Table 1. Example of time constrain
TSN - Time-Sensitive Networking
Ethernet as originally defined in IEEE 802 does not provide any real-time capabilities. Time-Sensitive Networking (TSN), a set of standards maintained by the IEEE 802.1 working group, extends Ethernet with the capabilities of real-time communication. TSN has three major tasks to fulfill: Time Synchronization, Traffic Scheduling and Configuration as illustrated in Figure 1. The most important step in a time-sensitive network is to synchronize the clocks of each network participant to the most precise source available. TSN uses the generic Precision Time Protocol (gPTP) to achieve this task. To meet a certain latency or to guarantee a certain priority to a data stream, TSN includes several standards that define how different kinds of traffic scheduling shall be implemented.
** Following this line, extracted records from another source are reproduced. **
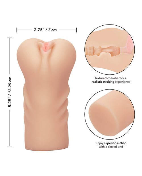 Experience unparalleled pleasure with the Cheap Thrills The First Time Pussy Masturbator in Ivory. Designed to replicate the thrill of your first intimate encounter, this product promises to elevate your solo sessions to new heights of gratification.Crafted with a super tight stroke sleeve and an intricately textured chamber, this masturbator offers a life-like sensation that will keep you coming back for more. The intact hymen design enhances the feeling of authenticity, while the closed-end structure creates exquisite suction for an intensified experience. Made from ultra-soft, stretchy Pure Skin material, this compact 5.25-inch device is not only travel-friendly but also phthalate-free and unscented, ensuring safe and enjoyable use.Don’t miss out on the ultimate pleasure experienceindulge in the Cheap Thrills The First Time Pussy Masturbator today. Elevate your intimate moments and discover why this is a must-have addition to your collection.Product Details:• 25 cm) is the teasing travel companion youre craving.
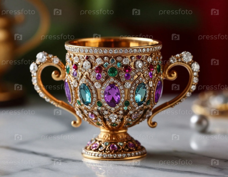 Золотая чашка с камнями. ИИ
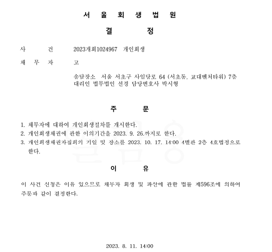 개인회생신청사건의 개시결정문
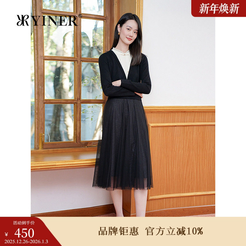 【新中式】YINER音儿专选2025春季新款网纱针织撞色假两件连衣裙
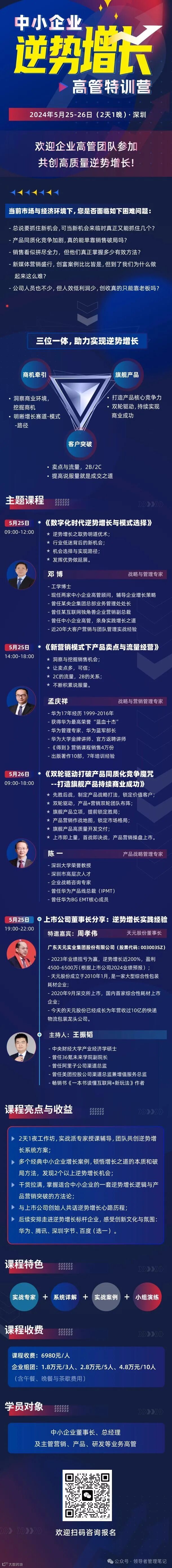 逆势如何增长?华为原高管及上市公司董事长联合讲授,5月25日深圳不见不散
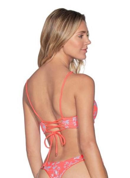 One bikini top, two unique looks. The coral Reef rocks is a bralette swim tip that's solid on one side and reverses to a cute floral print on the other. Features removable soft cups for lift and support.

In addition, the standard supports the interchange of configuration properties via high-level protocols such as the Stream Reservation Protocol (SRP). Have a look at Table 2 for a selection of important standards associated with TSN. The whole set of TSN standards ensures a defined latency of traffic with real-time demands. Section 2.2 will provide an itemized overview for some of these. In summary, the calculable delays, bandwidth allocation, shaping and queuing algorithms, including frame preemption are establishing determinism within existing Ethernet networks for services that rely on it. As queuing algorithm, buffer requirements and worst-case delays are mathematically predictable, TSN is highly suitable for safety-related applications.
Table 2. Selection of important TSN standards
TSN Configuration
How TSN-capable hardware is configured is highly application specific. For instance, to configure the RSwitch2 on the Renesas Vehicle Computer 3 (VC3) an XML-based approach has been chosen. Linux-based operating systems offer their own interfaces, such as qdisc (queue disciplines). However, there might be different approaches available, depending on the application needs. For the configuration interface itself, there is commonly no special support needed by the underlying hardware (HW) and it is most commonly software that translates the input to the data format accepted by the hardware. In the case of virtualization, a hypervisor needs to create a clear barrier between the functionality that can be configured by a guest OS and functions that are reserved for the privileged system level. Recently TSN added specifications for high-level configuration mechanisms such as 802.1Qdd – Resource Allocation Protocol or 802.1Qcw – YANG Data Models for Scheduled Traffic, Frame Preemption, and Per-Stream Filtering and Policing. As already mentioned above, implementing such standards should be a hardware-independent piece of software and thus are far beyond the scope of this treatise.
TSN Traffic Scheduling
TSN traffic shaping algorithms enable the co-existence of real-time traffic with regular best-effort traffic within one Ethernet network. Low latency and determinism are guaranteed for time-critical communication. This means, that safety-related components can be integrated in a TSN-enabled Ethernet network. There are varieties of standards available within TSN to ensure a defined latency of traffic with real-time demands.
The Credit Base Shaper (CBS) mechanism, specified in 802.1Qav, handles the prioritization of multiple network queues. It assigns every queue a credit limit based on priority. The current credit increases when a frame is added into the queue and decreases when a frame is sent. If the credit for one queue is negative, no more frames are sent, and another queue is scheduled. In addition, limits based on maximum frame size and port transmission rate are also considered.
Another scheduling technique is specified in IEEE 802.1Qbv as time aware shaper (TAS). It implements a guard band in front of time-critical traffic that is scheduled. This prevents low-priority traffic from being transmitted if that transmission cannot be finished before the traffic window closes. In addition, it offers a preemption mechanism that can stop frame transmission in the middle of a transaction. In such a case, the transmission of another frame with higher priority is executed. After accomplishment, the original transmission can continue. The mechanism is described in IEEE Std 802.1Qbu and IEEE 802.3br. This is just an excerpt of the most important solutions the TSN set of standards offers. Traffic scheduling is assisted by TSN-capable hardware such as the Renesas RSwitch2, which allows up to 8 different priorities and several arbitration algorithms as we just outlined. The following list gives an overview of the most important traffic scheduling features of the RSwitch2 hardware
- Forwarding and Queuing (IEEE 802.1Qav)
- Frame preemption (IEEE 802.1Qbu + IEEE 802.3br)
- Enhancements for scheduled traffic (IEEE 802.1Qbv)
- Per stream filtering, metering, and policing (IEEE 802.1Qci)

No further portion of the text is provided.